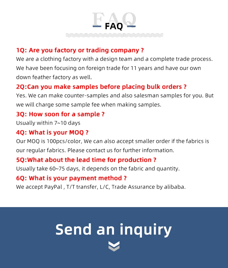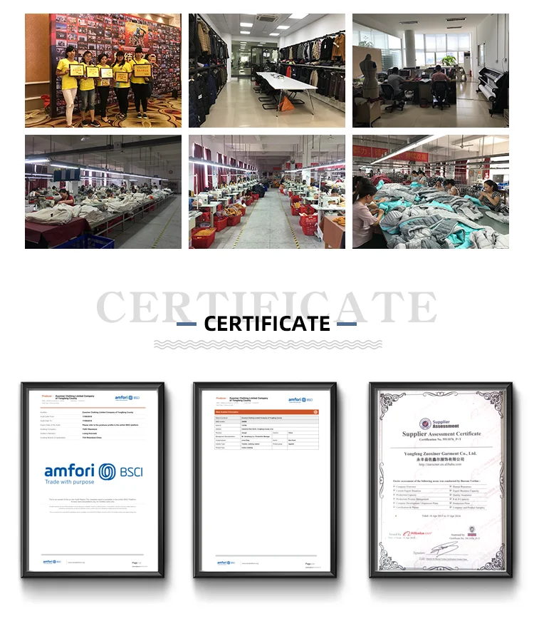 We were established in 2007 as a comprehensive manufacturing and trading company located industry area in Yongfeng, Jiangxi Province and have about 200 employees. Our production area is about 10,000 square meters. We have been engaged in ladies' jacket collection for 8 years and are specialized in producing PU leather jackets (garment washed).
==
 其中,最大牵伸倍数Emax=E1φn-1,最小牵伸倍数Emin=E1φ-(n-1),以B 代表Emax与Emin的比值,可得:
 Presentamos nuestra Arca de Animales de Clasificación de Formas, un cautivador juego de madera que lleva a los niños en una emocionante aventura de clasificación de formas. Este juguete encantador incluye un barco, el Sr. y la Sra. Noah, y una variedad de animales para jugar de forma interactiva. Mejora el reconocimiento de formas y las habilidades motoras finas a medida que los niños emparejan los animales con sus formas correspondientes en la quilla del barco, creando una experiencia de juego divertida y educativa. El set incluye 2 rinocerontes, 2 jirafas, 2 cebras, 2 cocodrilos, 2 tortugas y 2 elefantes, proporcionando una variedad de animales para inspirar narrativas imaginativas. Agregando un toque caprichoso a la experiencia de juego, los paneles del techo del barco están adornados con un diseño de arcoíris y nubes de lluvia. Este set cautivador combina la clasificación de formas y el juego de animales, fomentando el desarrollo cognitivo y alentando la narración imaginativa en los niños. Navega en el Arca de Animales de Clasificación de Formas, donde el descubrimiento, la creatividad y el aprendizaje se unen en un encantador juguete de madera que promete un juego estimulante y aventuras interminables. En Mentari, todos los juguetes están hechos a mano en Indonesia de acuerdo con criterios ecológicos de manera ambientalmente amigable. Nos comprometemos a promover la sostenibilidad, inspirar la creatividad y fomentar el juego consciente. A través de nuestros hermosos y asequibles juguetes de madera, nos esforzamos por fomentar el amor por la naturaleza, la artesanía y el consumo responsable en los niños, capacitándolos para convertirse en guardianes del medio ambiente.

WHAT NEEDS TO BE DONE
Please reproduce the lines from the line with "其中,最大牵伸倍数Emax=E1φn-1" to the line with "Presentamos nuestra Arca", both ends included, exactly as they appear above.

YOUR RESPONSE
 其中,最大牵伸倍数Emax=E1φn-1,最小牵伸倍数Emin=E1φ-(n-1),以B 代表Emax与Emin的比值,可得:
 Presentamos nuestra Arca de Animales de Clasificación de Formas, un cautivador juego de madera que lleva a los niños en una emocionante aventura de clasificación de formas. Este juguete encantador incluye un barco, el Sr. y la Sra. Noah, y una variedad de animales para jugar de forma interactiva. Mejora el reconocimiento de formas y las habilidades motoras finas a medida que los niños emparejan los animales con sus formas correspondientes en la quilla del barco, creando una experiencia de juego divertida y educativa. El set incluye 2 rinocerontes, 2 jirafas, 2 cebras, 2 cocodrilos, 2 tortugas y 2 elefantes, proporcionando una variedad de animales para inspirar narrativas imaginativas. Agregando un toque caprichoso a la experiencia de juego, los paneles del techo del barco están adornados con un diseño de arcoíris y nubes de lluvia. Este set cautivador combina la clasificación de formas y el juego de animales, fomentando el desarrollo cognitivo y alentando la narración imaginativa en los niños. Navega en el Arca de Animales de Clasificación de Formas, donde el descubrimiento, la creatividad y el aprendizaje se unen en un encantador juguete de madera que promete un juego estimulante y aventuras interminables. En Mentari, todos los juguetes están hechos a mano en Indonesia de acuerdo con criterios ecológicos de manera ambientalmente amigable. Nos comprometemos a promover la sostenibilidad, inspirar la creatividad y fomentar el juego consciente. A través de nuestros hermosos y asequibles juguetes de madera, nos esforzamos por fomentar el amor por la naturaleza, la artesanía y el consumo responsable en los niños, capacitándolos para convertirse en guardianes del medio ambiente.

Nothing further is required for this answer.